6 min readFeb 17, 2024

This article is part of the series 10 Must-Know Models for ML Beginners.

Introduction

In the realm of machine learning (ML), decision trees reign as one of the most intuitive and interpretable algorithms. Their ability to mimic human decision-making processes makes them a popular choice for solving a wide array of problems. Let’s dive in and demystify decision trees.

What are Decision Trees?

Imagine a decision tree as a flowchart-like structure. It starts with a root node representing a question or a feature in your data. The branches extending from the root node depict possible values or ranges of that feature. Subsequent nodes in the tree pose further questions about other features, and the process continues. The very end of each branch, called a leaf node, signifies a class label (in classification problems) or a predicted numerical value (in regression problems).

How Decision Trees Work

Constructing a decision tree in machine learning involves a series of steps and principles that guide the decision-making process at each node of the tree until a prediction outcome is reached. A decision tree is a flowchart-like structure in which each internal node represents a “test” on an attribute (e.g., whether a coin flip comes up heads or tails), each branch represents the outcome of the test, and each leaf node represents a class label (decision taken after computing all attributes). The paths from root to leaf represent classification rules.

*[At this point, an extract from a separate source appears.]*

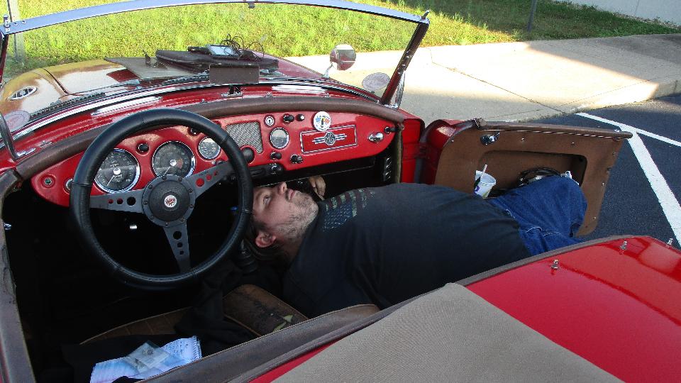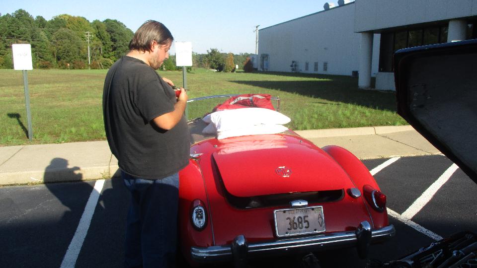 While cruising down the expressway this morning, we were being followed for about 20 miles by some non-descript road appliance. Speed up, slow down, change lanes, no matter what we couldn't shake him. Last ditch effort was a rather sudden lane change and duck off an exit ramp, but that didn't do it either. When we stopped for breakfast the appliance followed us into the car park. This was followed by show and tell and a two hour chat with a very nice fellow who was tickled pink and very curious about the MGA. Perhaps the guy may end up buying one.

1. Select the Best Attribute

Use statistical measures to select the attribute that best splits the data into subsets. The most common measures are Gini Impurity, Entropy (used in the Information Gain metric), and the Gain Ratio. Entropy measures the disorder or uncertainty in the dataset, and Information Gain is the reduction in entropy or impurity after the dataset is split on an attribute. Gini Impurity measures the frequency at which any element of the dataset will be mislabeled when it is randomly labeled. The attribute with the highest Information Gain or the lowest Gini Impurity is typically chosen to make the decision.

2. Split the Data

Based on the best attribute selected, split the data into subsets that contain possible values for the attribute. Create a decision node identifying the best attribute at each step.

3. Recursive Splitting

Repeat the process for each child subset of the split data. Evaluate all the remaining attributes and choose the best attribute to split the data on. Continue this process recursively for each branch, using only the data points that reach the branch. The recursion is completed when one of the conditions is met: Every element in the subset belongs to the same class (pure). There are no more attributes to be selected, but the samples still do not belong to the same class (handled by majority voting). There are no samples left.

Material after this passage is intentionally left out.